Ни на первом, ни на каком другом перроне Мок Анвальдта не нашел. Движимый интуицией, он направился в пикет дорожной полиции. Анвальдт спал в камере и громогласно храпел. Мок предъявил изумленному дежурному свое удостоверение и вежливо попросил о помощи. Дежурный отдал распоряжение подчиненным. Те подхватили пьяного под мышки и за ноги и оттащили в автомобиль. Мок поблагодарил услужливого дежурного и его людей, завел мотор и через четверть часа опять был на Редигерплац. В сквере все скамейки были заняты.

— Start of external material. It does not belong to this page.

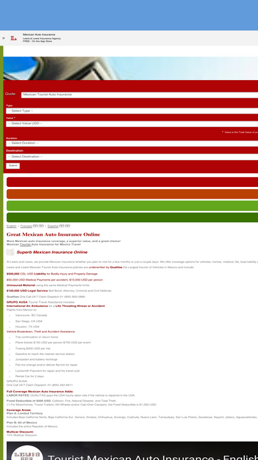 66%The fastest way to buy Mexican auto insurance. We offer great rates on Mexican insurance for cars, trucks, SUV's, motorcycles, RV's, UTVs. Call us now to get covered. 1-800-524-2252

Люди отдыхали после дневного зноя и с удивлением смотрели на коренастого мужчину с изрядным брюшком, который, шумно сопя, извлекал с заднего сиденья черного «адлера» совершенно бесчувственного человека.

— Во нажрался! — восхитился проходивший мимо подросток.

Мок снял с пьяного испачканный блевотиной пиджак, свернул и бросил под переднее сиденье. Перекинул его левую руку через свою потную шею, правой обнял за поясницу и на глазах рогочущих зевак втащил в подворотню. Дворника, как назло, нигде не было.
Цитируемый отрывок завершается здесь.